Привозили обреченных — обычно одно-двух, как-то привезли и четверых. Принимал их генерал радушно, сажал за стол, кормил и сам наливал зекам водки. Миронов брезговал бывшими людьми, и прокурор растолковал, что блохи — они все черненькие, все прыгают, и чем зеки хуже охров? А ничем — просто одни из бывших, а другие — не из бывших, повезло. Или того проще — одних поймали на горячем, а других вот на горячем не поймали. Что, Миронова самого прижать нечем, и пулю ему пустить не за что? Добрый дядюшка-прокурор добродушно ухмылялся, разводил руками, а голубенькие выпуклые глазки оставались как будто обращенными внутрь самих себя, не выпускали света наружу. И Миронов, получив урок, перестал брезговать зеками — по крайней мере, явно, по крайней мере, на прокурорской даче.

Они садились за стол с зеками, пили и ели, и Миронов часами слушал, как вел прокурор с обреченными долгие беседы: о науке, о боге, о смысле жизни, о вещах, дотоле Миронову ну, совершенно неизвестных. Нигде — радовался прокурор — ни в каком другом месте не могу найти таких умных людей! А потом он заряжал свой «Макаров» и наслаждался трепетом, яростью умирающего человека. Наваливались топтуны, скручивали руки обреченному, кидались рыть могилу тут же, на склоне обращенной к Енисею горы, на которой поставили дачу. Генерал артистично подбегал, стреляя из классической стойки, а бывало — палил прямо из-за стола метров за тридцать, и они с Мироновым держали пари — кто лучше уложит зека?

Охрана потом и закапывала, неглубоко. Тоже понять можно — закапывать глубоко им лень было, и теперь скелеты со скрученными проволокой руками найти можно совсем неглубоко, где-то за полметра от поверхности.

На руднике Миронов тоже не брезговал сам заниматься выбраковкой — но тут дело не в удовольствии. Радости прокурора, его наслаждения он так и не научился разделять. Но если что-то надо делать, начальник должен показать пример, и Миронов может показать, что не хуже любого другого, и все умеет, что полагается расстрельщику.

Так что никого не удивило — ни зеков, ни охрану, что собирается Миронов, сажает в машину этих двух, увозит. И что вернулся через три часа один.

Но было тут совсем не развлечение, тут сослуживцы ошибались. Товарищ Сталин умер, и два чувства стали основными для Миронова последние два месяца: чувство космической, не сравнимой ни с чем пустоты. И чувство опасности, незащищенности. Все острее понимал Миронов, чуял своим почти что звериным чутьем, что теперь нужно самому подумать о себе. Все равно ведь скоро все обрушиться… Для себя и для детей, для внуков — нельзя, только правнуки смогут пользоваться; надо чтоб заклятье улеглось. Но настанет день — и все это будет для правнуков.
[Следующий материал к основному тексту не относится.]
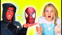 Is Frozen Elsa Dead- Evil DEVIL Kiss of Death- w- Spiderman Joker Toy! Superhero fun IRL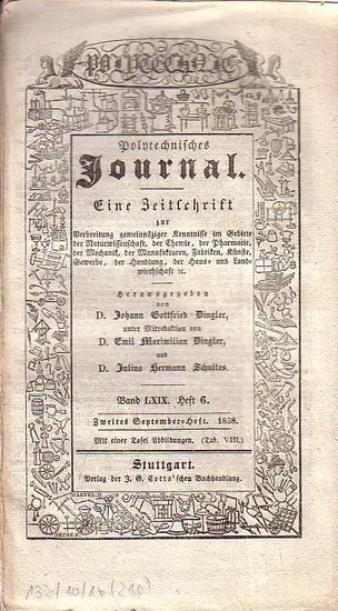 Polytechnisches Journal. Hrsg. v. Johann Gottfried Dingler, Emil Maximilian Dingler und Julius Hermann Schultes: Polytechnisches Journal. Band LXIX. Heft 6, Zweites September=Heft 1838. (= 19. Jahrgang, 18. Heft). Eine Zeitschrift zur Verbreitung geme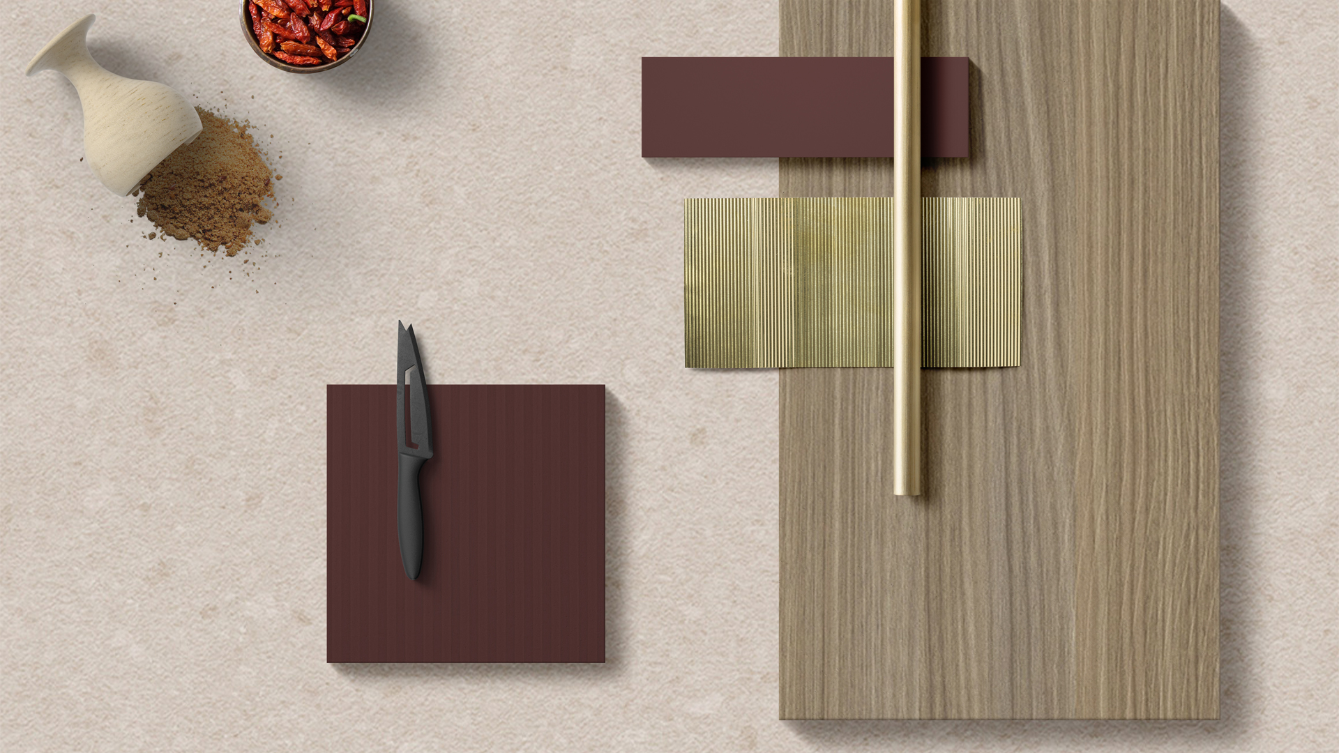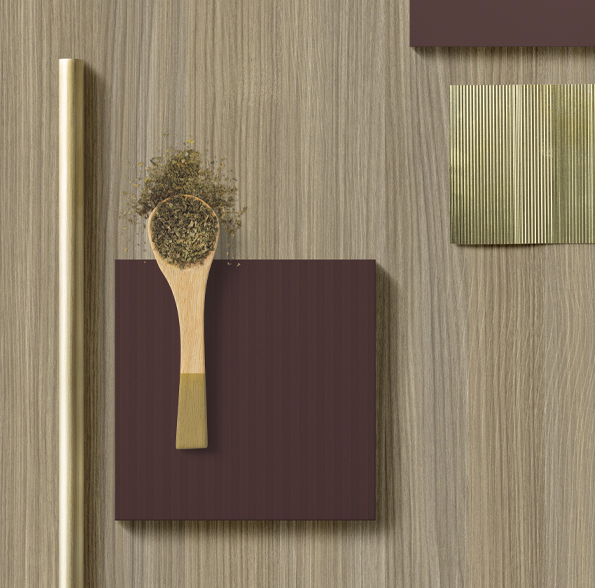 El tono rojo oscuro inspirado en las tonalidades de las pinturas rupestres 466B Rojo Tassili – Soft III, evocador de la fuerza de la naturaleza, se entrelaza con la pureza de la piedra en el 271B Gravity Hueso – Moa, creando una paleta que respira vida y tranquilidad. Este matrimonio cromático se ve realzado por las líneas verticales de la textura profunda en 466B Rojo Tassili – Calypso, aportando un toque de tendencia actual.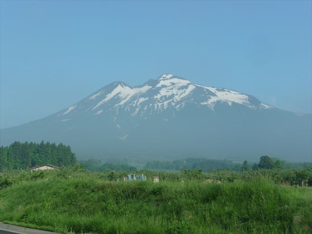 これから登る岩木山、かっこいいですね。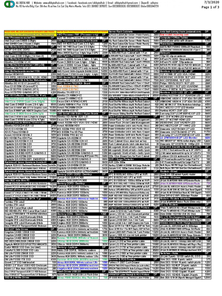 Click here for our SRP (STANDARD RETAIL PRICE) Pricelist AMD Processor FM1 (Processor only) DP 6u Rack Cabinet (for Server / Patch Panels) 3950 New models incoming soon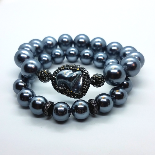 Black Shell Pearl and Hematite Stretch Bracelet Set for Woman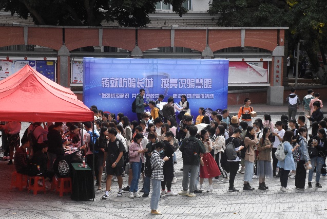 为进一步帮助广大学子有效辨别和应对诈骗行为,切实增强防范意识,11月10日中午,“增强防范意识 共筑平安校园”防诈骗知识宣传活动在三家村广场顺利举办。厦门市公安局大学路派出所教导员曾清勇、四级高级警长薛玉明、一级警长杨福全,外文学院党委副书记杨云良、沈丽秀及各年级辅导员莅临活动现场。外文学院全体学生参与了本次活动,共同学习防诈骗知识,提高自我保护能力。

Зеки сварили ящик, и Миронов упаковал туда все, что возил с собой многие годы, боясь расстаться даже ненадолго. Перед тем, как сунуть коробочку в недра ящика, Миронов все же просмотрел еще раз сокровища. Вот обручальные кольца — из Литвы. Нательный крестик… Живучий он был, тот униатский поп из-под Львова, три пули в голову, в упор, потратил на него Миронов. Сережки… Это одной польской дуры — решила откупиться, идиотка. Миронов сережки взял и расстрелял собственноручно ее сына. А потом пристрелил и ее. Вот опять колечки, перстни — это Эстония, сорок шестой, ихние партизаны…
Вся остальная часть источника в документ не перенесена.